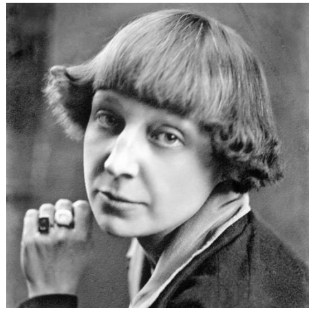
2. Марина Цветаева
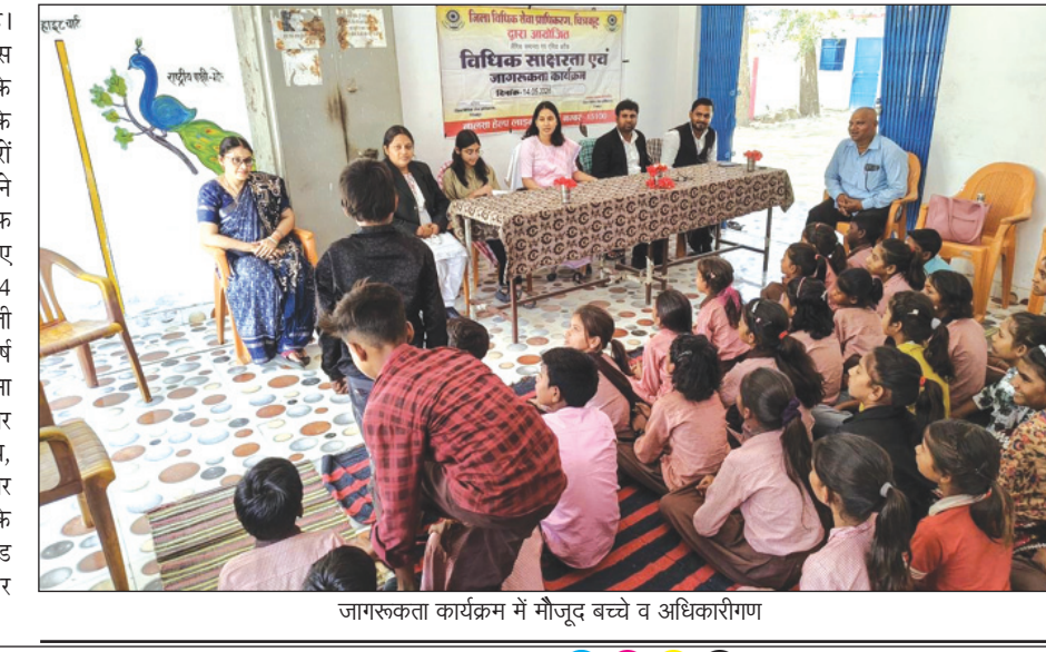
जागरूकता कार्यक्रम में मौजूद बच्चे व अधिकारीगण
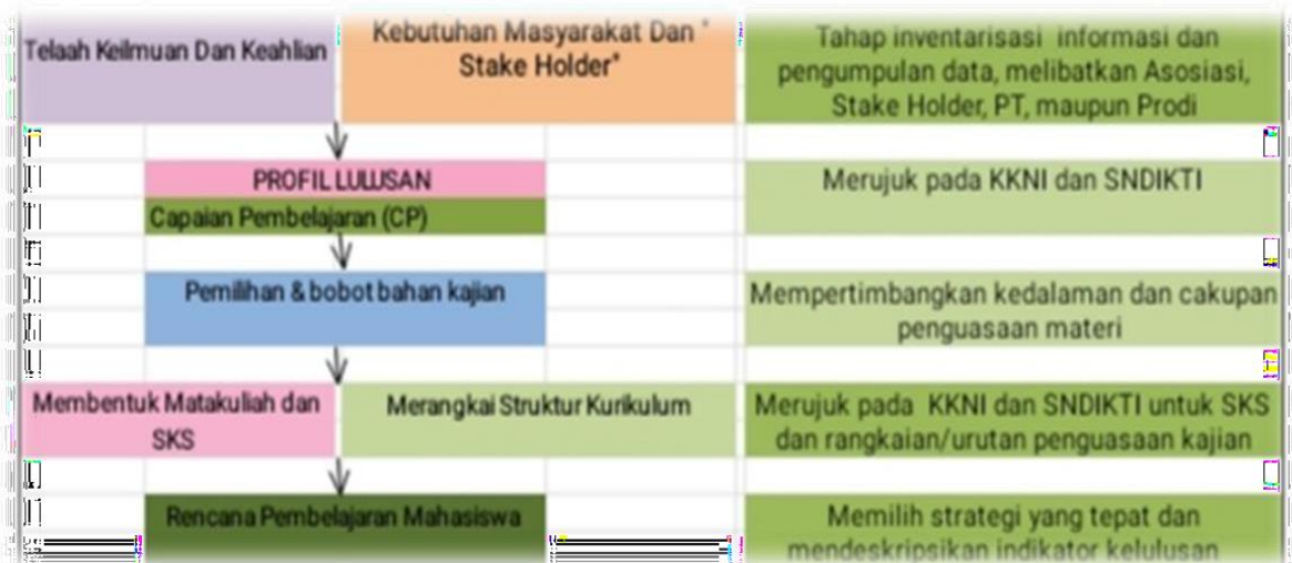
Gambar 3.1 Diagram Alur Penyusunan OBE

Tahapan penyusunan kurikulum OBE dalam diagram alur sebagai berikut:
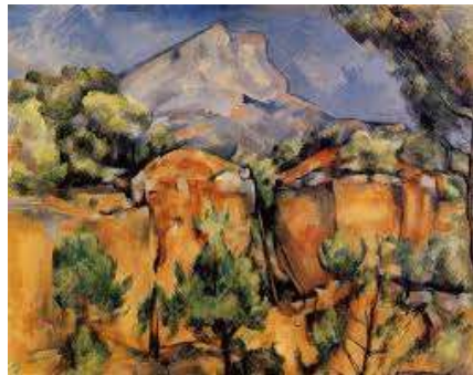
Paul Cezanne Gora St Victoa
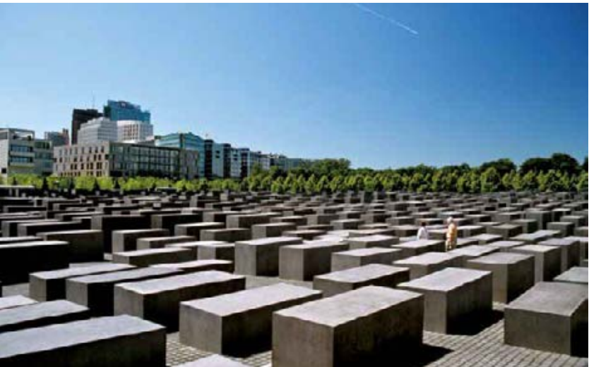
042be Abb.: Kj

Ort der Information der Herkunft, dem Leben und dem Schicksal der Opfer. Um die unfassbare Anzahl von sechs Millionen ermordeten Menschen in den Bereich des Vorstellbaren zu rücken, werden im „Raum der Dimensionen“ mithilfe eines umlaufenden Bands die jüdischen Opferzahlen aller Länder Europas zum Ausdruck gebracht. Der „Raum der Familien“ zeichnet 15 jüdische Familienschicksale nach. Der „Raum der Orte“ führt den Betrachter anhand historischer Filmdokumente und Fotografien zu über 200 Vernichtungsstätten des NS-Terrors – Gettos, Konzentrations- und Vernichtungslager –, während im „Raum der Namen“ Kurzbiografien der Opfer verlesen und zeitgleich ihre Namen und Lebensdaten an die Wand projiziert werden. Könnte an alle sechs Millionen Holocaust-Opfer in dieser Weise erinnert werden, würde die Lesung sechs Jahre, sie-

* * *

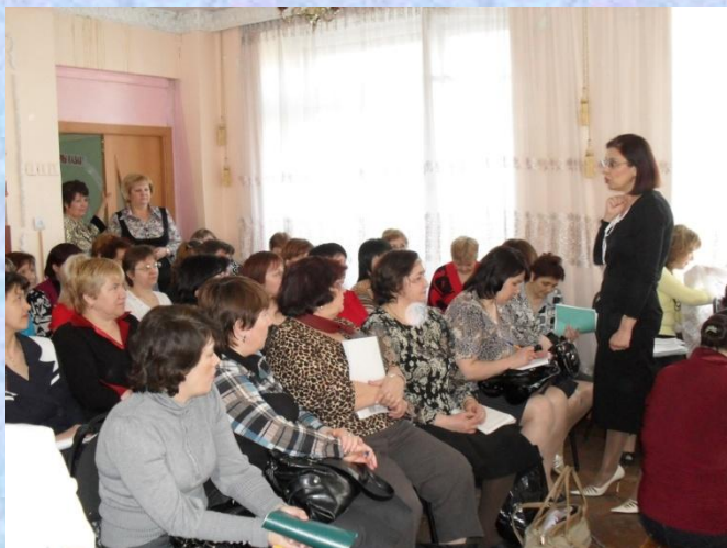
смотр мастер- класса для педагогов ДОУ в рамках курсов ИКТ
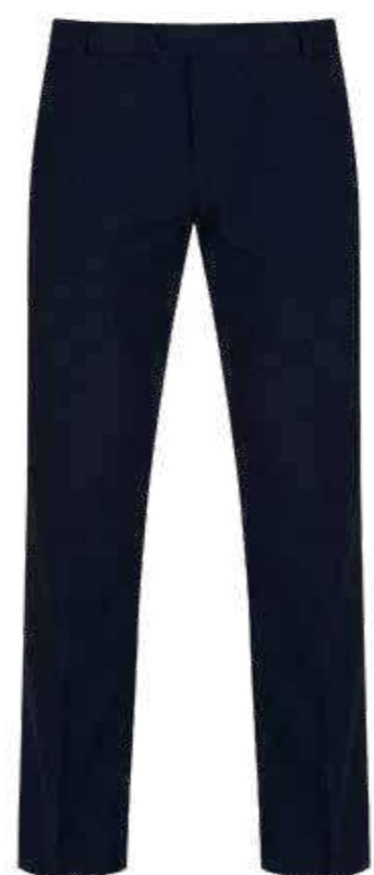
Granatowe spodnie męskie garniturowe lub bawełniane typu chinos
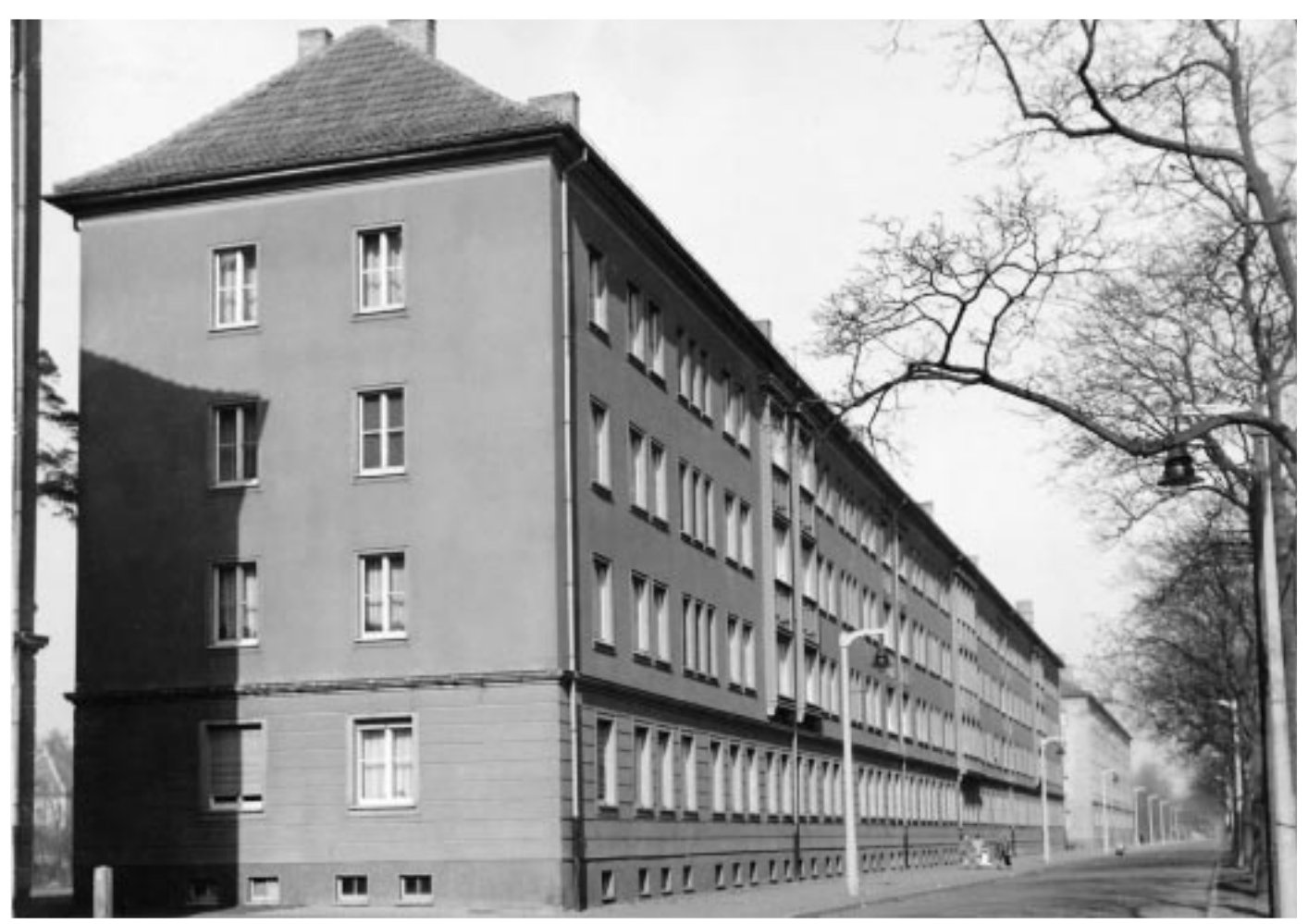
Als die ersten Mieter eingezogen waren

---

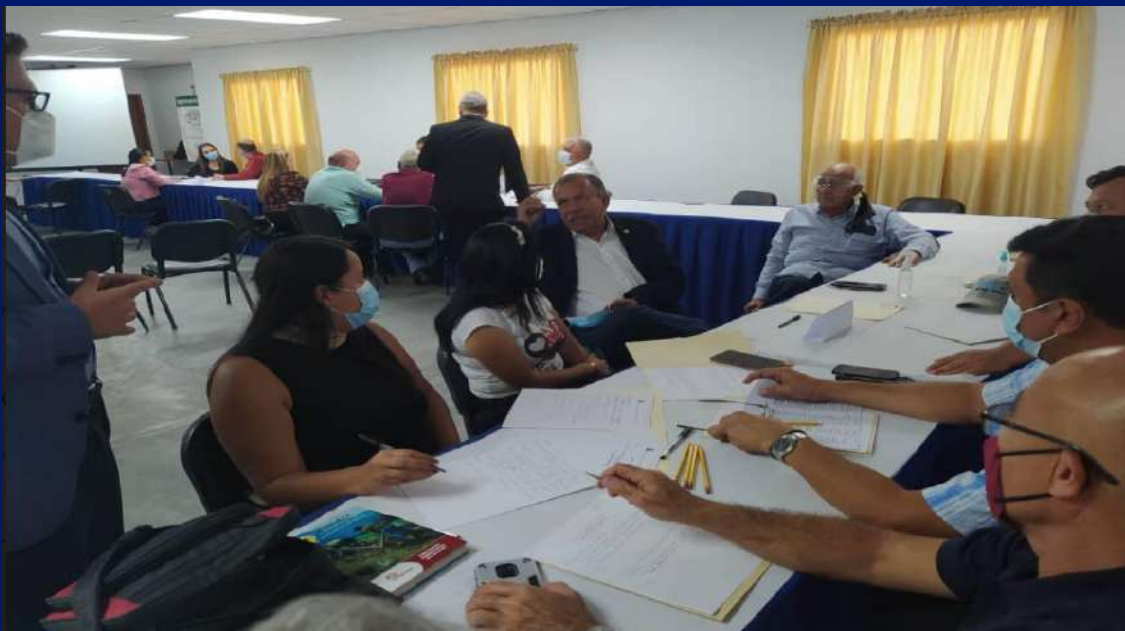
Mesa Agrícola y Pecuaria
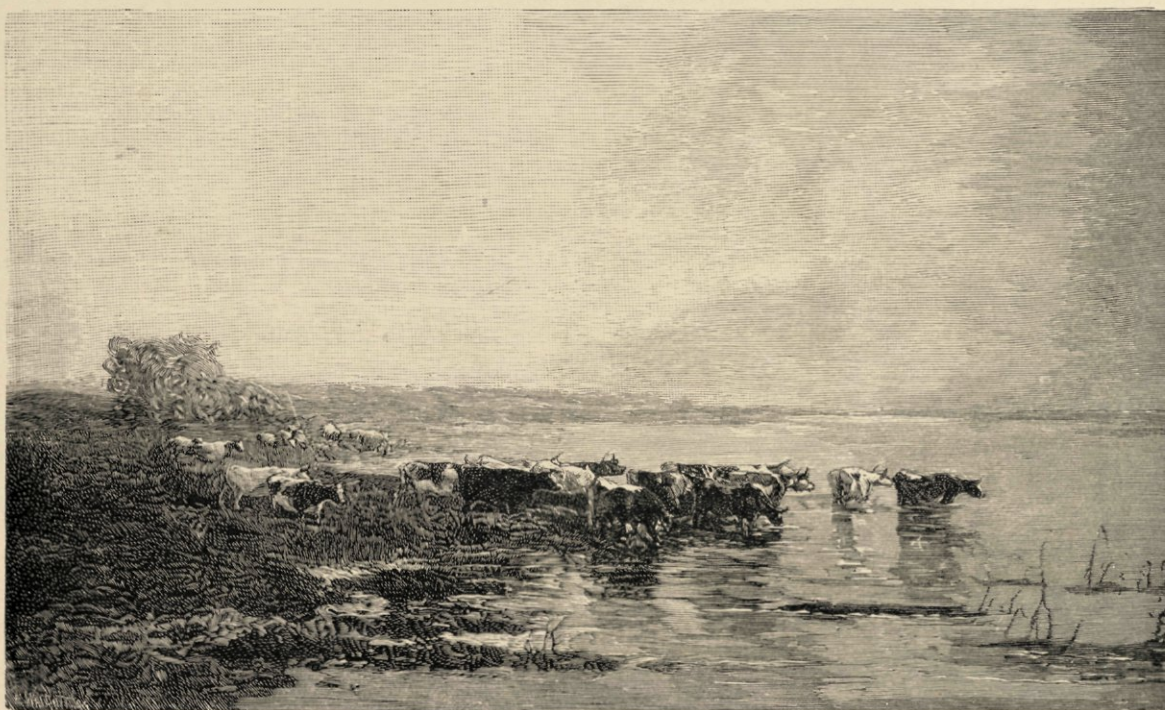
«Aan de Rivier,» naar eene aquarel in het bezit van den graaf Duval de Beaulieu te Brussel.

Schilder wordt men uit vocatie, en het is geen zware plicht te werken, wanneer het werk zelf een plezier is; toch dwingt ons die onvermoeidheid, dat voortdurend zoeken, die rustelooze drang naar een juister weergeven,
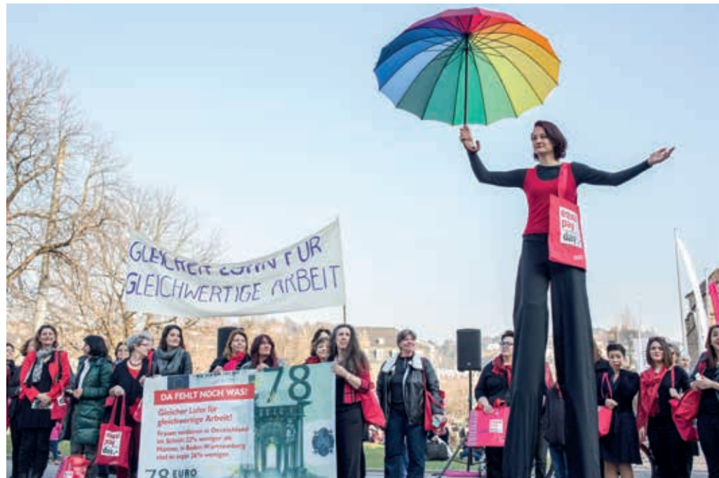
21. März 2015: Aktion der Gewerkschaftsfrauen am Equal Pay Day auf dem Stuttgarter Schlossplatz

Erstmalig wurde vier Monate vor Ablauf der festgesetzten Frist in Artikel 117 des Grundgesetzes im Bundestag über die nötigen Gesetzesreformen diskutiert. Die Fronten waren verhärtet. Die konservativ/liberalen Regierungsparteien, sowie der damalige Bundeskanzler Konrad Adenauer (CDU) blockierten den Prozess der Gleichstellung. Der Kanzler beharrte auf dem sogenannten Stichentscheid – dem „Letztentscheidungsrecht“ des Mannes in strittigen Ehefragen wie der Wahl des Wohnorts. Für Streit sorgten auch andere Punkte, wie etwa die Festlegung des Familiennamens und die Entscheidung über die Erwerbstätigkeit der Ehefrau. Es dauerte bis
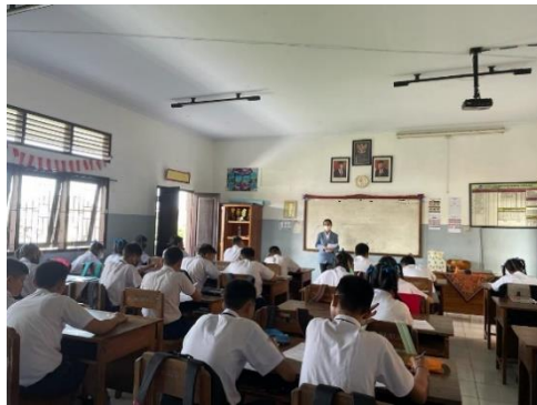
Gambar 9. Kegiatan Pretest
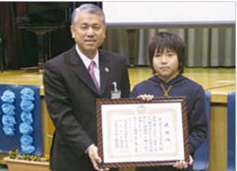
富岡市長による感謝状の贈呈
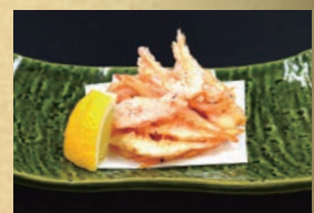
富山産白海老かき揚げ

• Directions: Scan the entries above, and wherever a line holds the string "naar", copy it.

• Response:
«Aan de Rivier,» naar eene aquarel in het bezit van den graaf Duval de Beaulieu te Brussel.
Schilder wordt men uit vocatie, en het is geen zware plicht te werken, wanneer het werk zelf een plezier is; toch dwingt ons die onvermoeidheid, dat voortdurend zoeken, die rustelooze drang naar een juister weergeven,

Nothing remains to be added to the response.